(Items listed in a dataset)
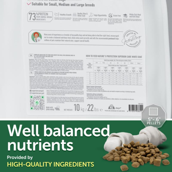 NATURE'S PROTECTION SUPERIOR CARE dry grain free pet food with white fish for growing dogs of all sizes with white coat 4 kg
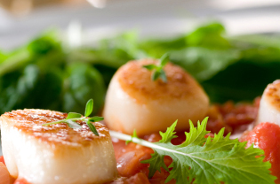 3. Sear the scallops quickly in a saut© pan. Keep them warm in the oven.
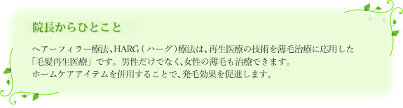 HARG(ハーグ)療法とは、Hair(毛髪) Re-generative(再生)theraphy(治療)という言葉の頭文字で、
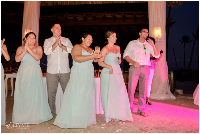 I arrived in Punta Cana the day before and after getting settled at the beautiful all-inclusive resort(hello piña colada), I joined them at their rehearsal party. Their whole wedding party was at the resort bar giving it their best shot at karaoke. I even joined in on Cory’s rendition of Foo Fighters “Everlong.” I knew here that the wedding was sure to be awesome!
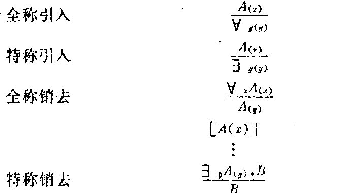 图式横线上的公式为推演的根据,横线下的公式是结论。横线上面有方括号的公式,例如[A],只是暂时的假设,推理图式中的结沦不再以它为前提。因此,自然推理在证明的任何一步上,都可以引入前提,并且在证明的任何一步上所得到的结论都可以作为后继证明的前提。 关于量词的推理图式如下: ![]() 在全称引入图式中的变项x不得在曾经引用本图式的任一被解除公式中作为自由变项出现。 通过上面的图式就可以进行定理的证明。如果证明序列中的每一步都是由推理规则或推理图式得到,则这样的证明称作有效的。有效证明得到的结论称作有效的结论,即该结论是从前提中必然得出的。解除了假设前提而得到的公式都是系统中的定理。自然推理系统满足完全性的要求,即它能把命题逻辑的所有重言式和谓词逻辑的所有普遍有效式都推演出来。 ☚ 公理系统 元逻辑 ☛ |
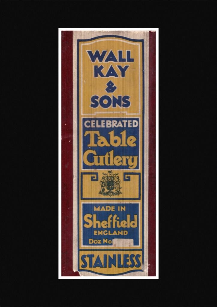 The principals were Samuel Wall (1854-1913) and James Kay (1862-1935). Samuel Wall was the son of Thomas, a saw smith, and his wife, Mary. He began as a table knife hafter and was working on his own account by 1881, when he lived in Allen Street. James Kay was also a table knife cutler. The year 1875 was later stamped on cutlery as a start date for the partnership, but directory listings did not appear until later.
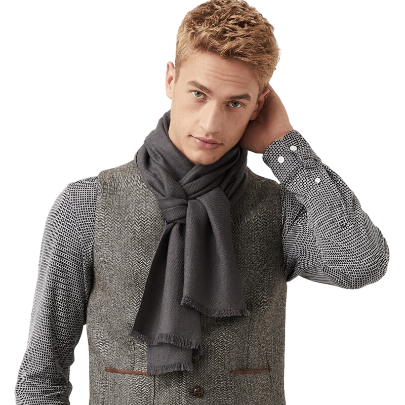 恒源祥羊绒围巾男士商务秋冬保暖加厚纯色围脖披肩两用生日礼物礼盒深灰
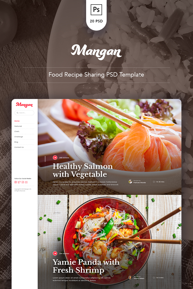 Download PSD шаблон "Mangan - Food Recipe Sharing PSD Template" / Mangan - Food Recipe Sharing PSD Template - PSD шаблон на тему еда и ресторан blog chef clean community food recipe ingredients modern nutrition psd template seasoning ui website design
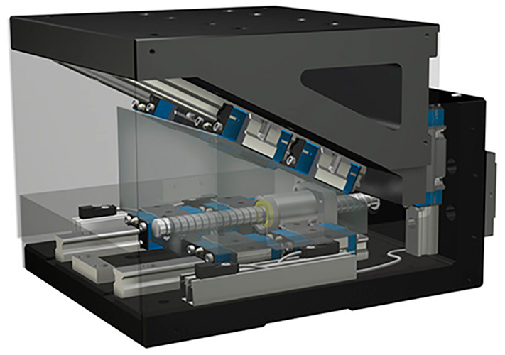 くさび機構を利用して、上下方向の精密位置決めを行うための精密昇降テーブル。特徴は、①くさび機構の案内部にローラタイプの直動案内機器Cルーブリニアローラ...
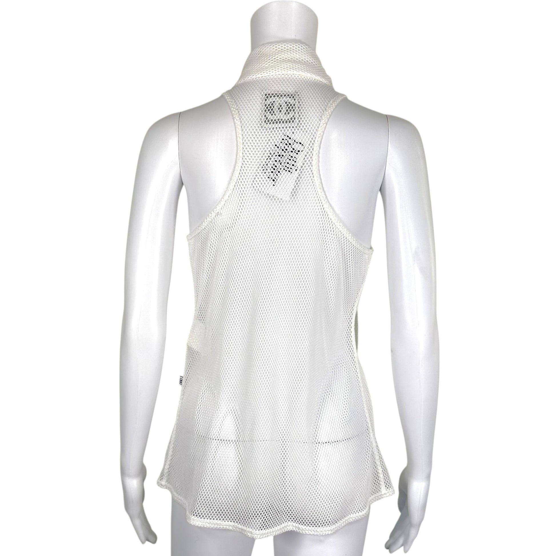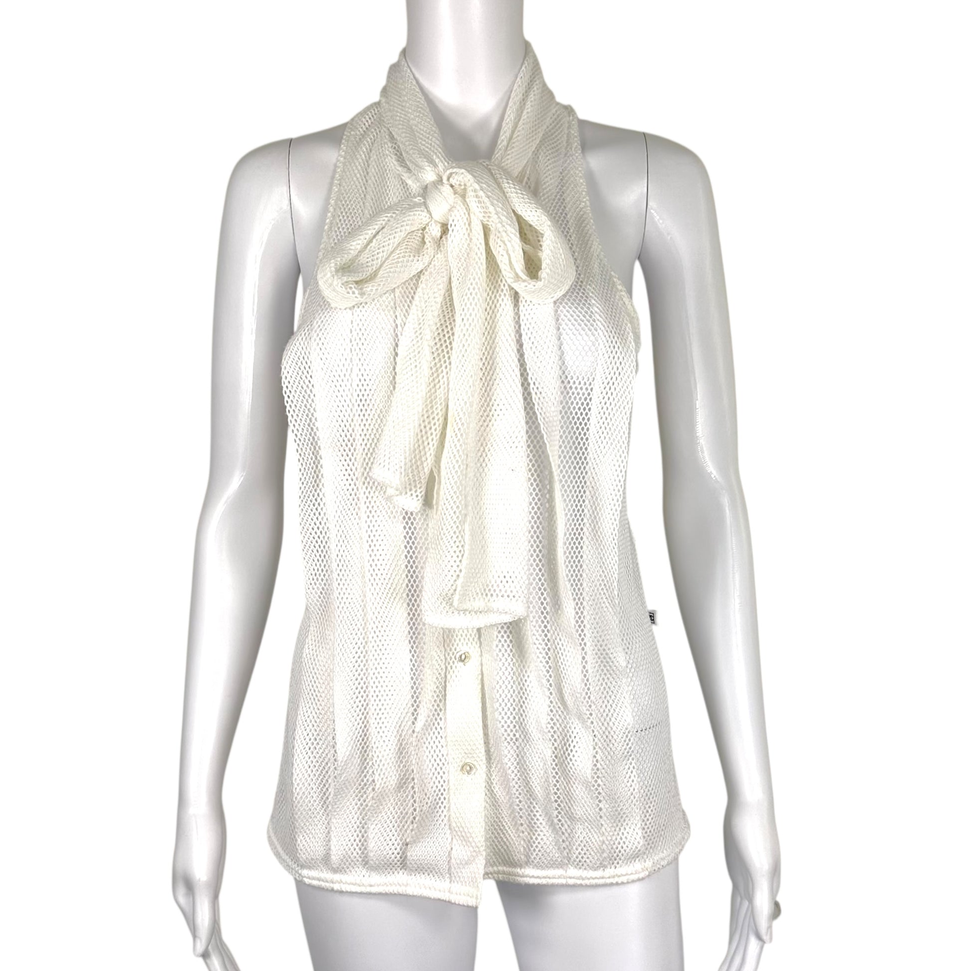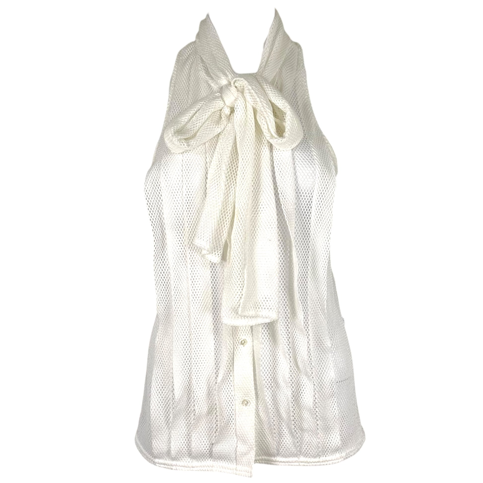 Chanel Sport White Sheer Open Mesh Tie Neck Blouse

* [About this exercise] Pictures are to be left out; the lines from the start of the records above through the line holding "HARG(ハーグ)療法とは、" are to be returned exactly.

* [Response area]
 NATURE'S PROTECTION SUPERIOR CARE dry grain free pet food with white fish for growing dogs of all sizes with white coat 4 kg
 3. Sear the scallops quickly in a saut© pan. Keep them warm in the oven.
 HARG(ハーグ)療法とは、Hair(毛髪) Re-generative(再生)theraphy(治療)という言葉の頭文字で、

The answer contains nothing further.